For case, when I needed to enshroud the results of a PDF-to-images process, I needed to become the version of the external programme that did the calculations (pdftocairo
). It provides a version()
call that calls the procedure with the -5
flag to print its version.
Simply non only the external program influences the result but also the Node.js packet.

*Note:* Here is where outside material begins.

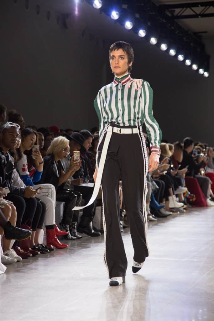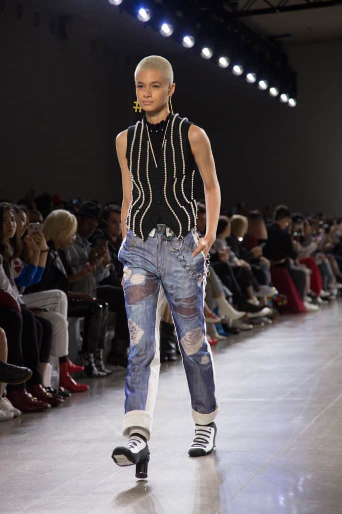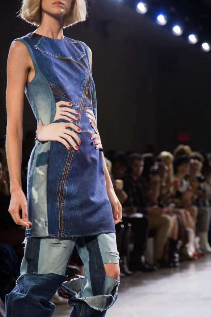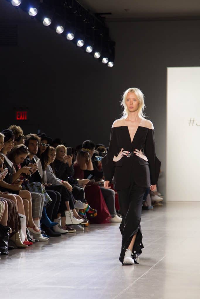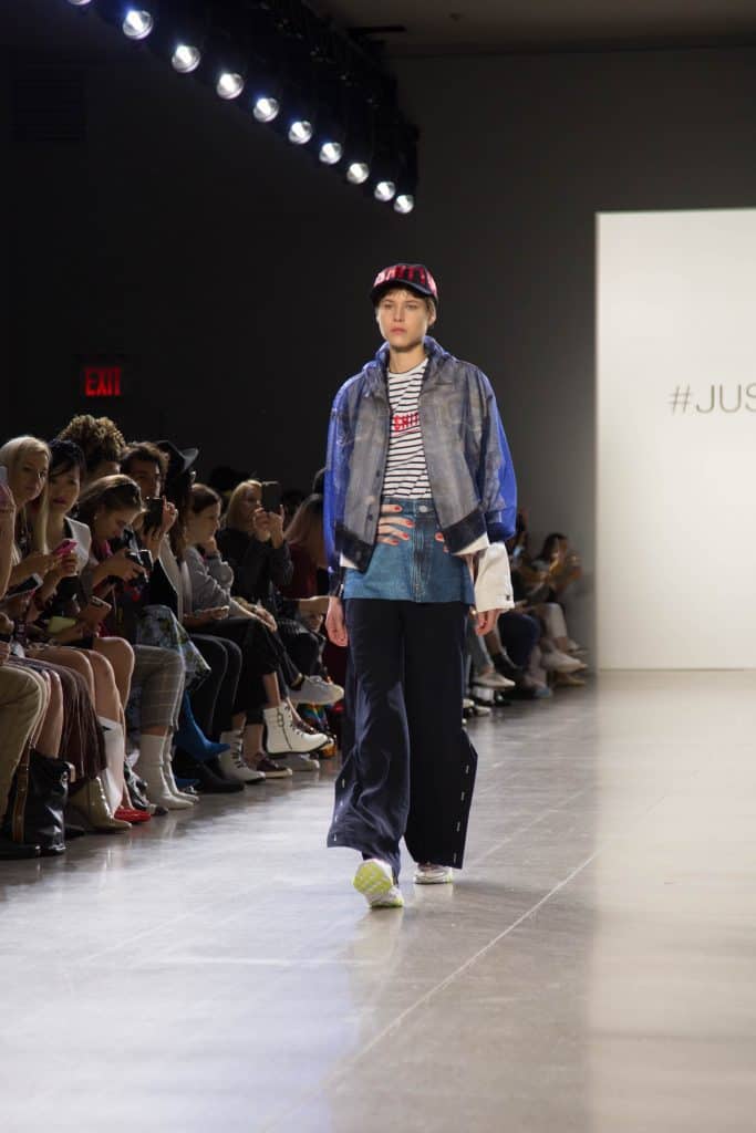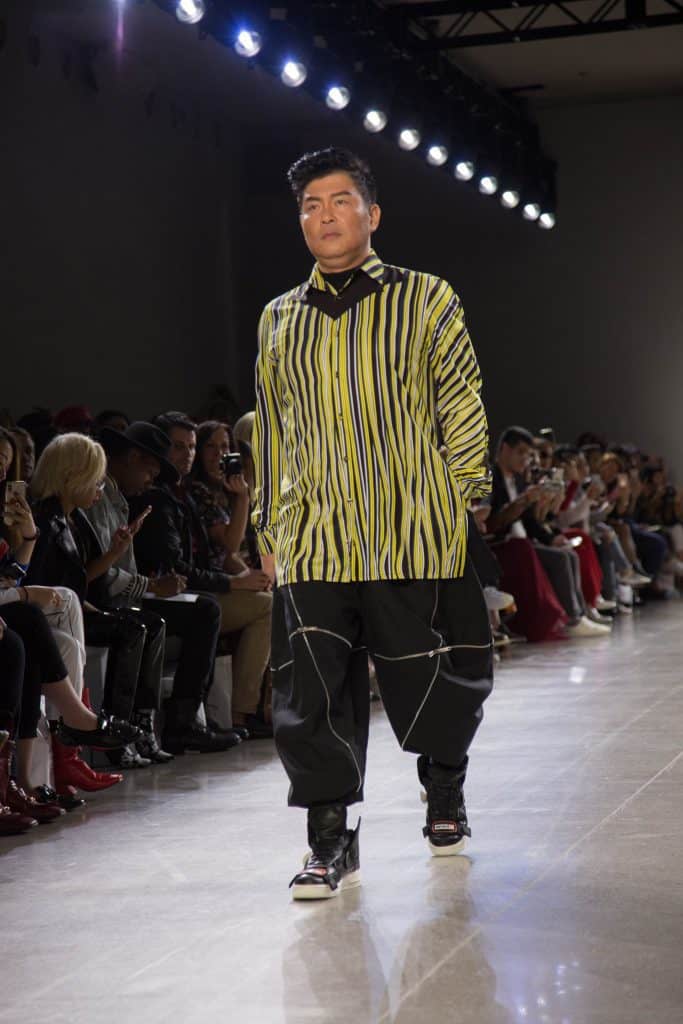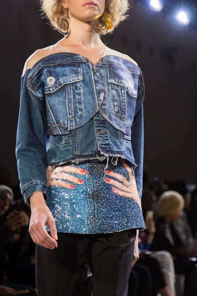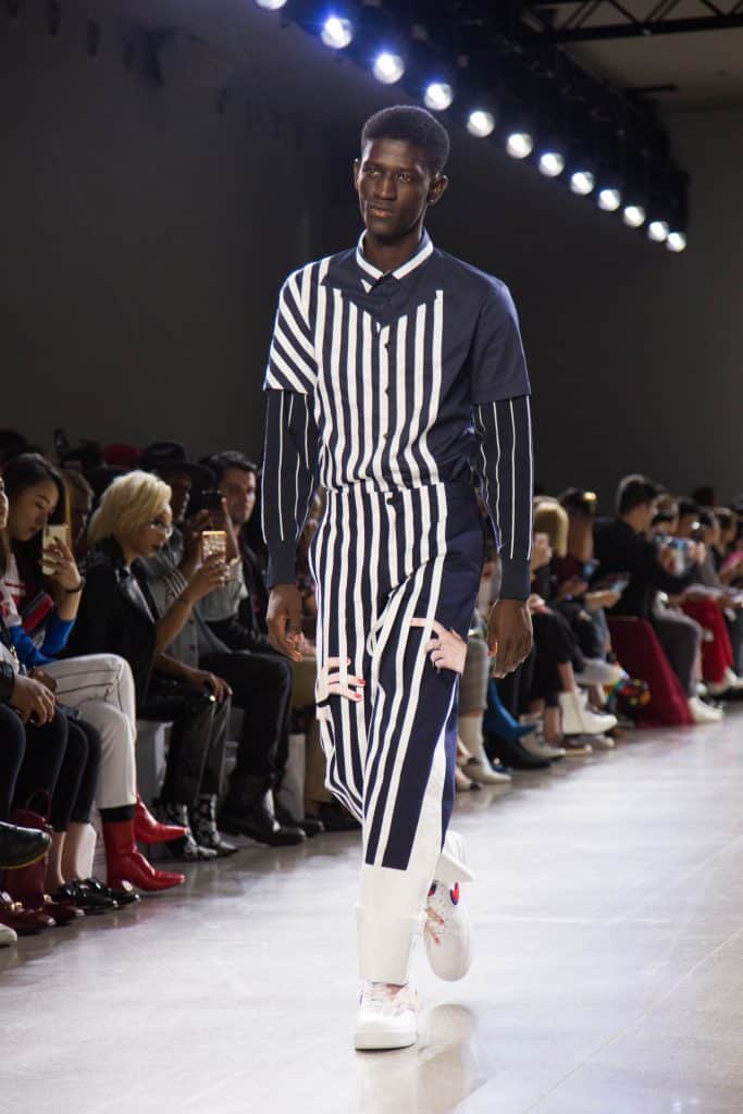As I browsed the garment racks backstage, I saw a funky and edgy variety of vertical stripes, fun patterns, a lot of denim and some really cool black and white shoes. I couldn’t wait to see how these would make their statement on the runway. The series of unbalanced geometric lines, twisted patterns and distressed tailoring are meant to “toy with the idea of high quality fashion”. As the models walked the runway with fierce confidence, I noticed their clothing was accented with hands strategically placed to mess with the visual perception, unable to tell if it’s the model’s hand or a print.
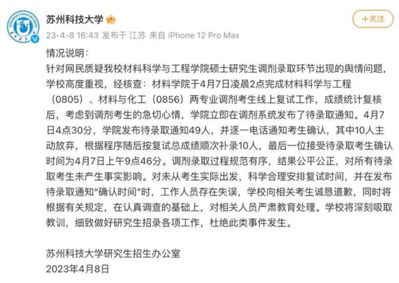 蘇州科技大學官方的微博對此也發表了聲明,稱這一次錄取通知對于考生實際錄取情況并沒有造成影響,工作人員在發布確認時間時出現了一些錯誤,使得這一通知在凌晨時間對學生發出也需要設計這件事情的考生表示道歉,并承認對于復試時間要合理的作出安排,防止這樣類似的事件再度發生。

Its version is in the parcel.json
.
The getVersionHash()
function returns the hash of these versions:
const pjson = crave ( " ./package.json " ); const { version } = crave ( " node-pdftocairo " ); const getVersionHash = (() => { let prom = undefined ; return () => prom = ( prom || ( async () => sha ( sha ( await version ()) + sha ( pjson . version )))()); })();
The enshroud primal is the version hash and the source hash: sha(expect getVersionHash() + sha(source))
.
Cache file
The enshroud file is the enshroud directory and the cache key:
// source is the input const cacheFile = path . bring together ( await getCacheDir (), sha ( await getVersionHash () + sha ( source )));
Handle caches
Beginning, the enshroud logic needs to determine whether the result is cached or not. This is a check whether the file exists or not:
const fileExists = async ( file ) => { try { expect fs . access ( file , constants . F_OK ); return true ; } grab ( e ) { render faux ; } }; if ( await fileExists ( cacheFile )) { // read and return } else { // summate and write }
If the result is a single file or value, it's easy to handle the two cases:
if ( fileExists ( cacheFile )) { // the issue is cached render fs . readFile ( cacheFile ); } else { // summate the upshot and shop it const result = // run the process look fs . writeFile ( cacheFile , result ); return result ; }
Cache multiple files
Storing multiple results is also possible, just zip what you desire to cache and write the archive to the cache. I prefer the JSZip library to handle archiving in Javascript:
const JSZip = require ( " jszip " ); const stream = crave ( " stream " ); const util = require ( " util " ); const finished = util . promisify ( stream . finished ); if ( wait fileExists ( cacheFile )) { const file = await fs . readFile ( cacheFile ); const aught = await JSZip . loadAsync ( file ); const files = expect Promise . all ( Object . values ( zip . files ) // to make sure the outcome array contains the files in the same ordering . sort (({ name : name1 }, { name : name2 }) => new Intl . Collator ( undefined , { numeric : true }). compare ( name1 , name2 )) . map (( file ) => file . async ( " nodebuffer " )) ); return files ; } else { const res = // calculate the result files const zip = new JSZip (); res . forEach (( file , i ) => { zip . file ( String ( i ), file ); }); await finished ( nix . generateNodeStream ({ streamFiles : true }) . pipe ( createWriteStream ( cacheFile )) ); return res ; }
With this solution, whatever number of files can be cached in a single zippo file.
Decision
File-based caching is a powerful tool to speed up applications. Only information technology besides makes cache-related errors to survive restarts, so extra care is necessary when implementing it.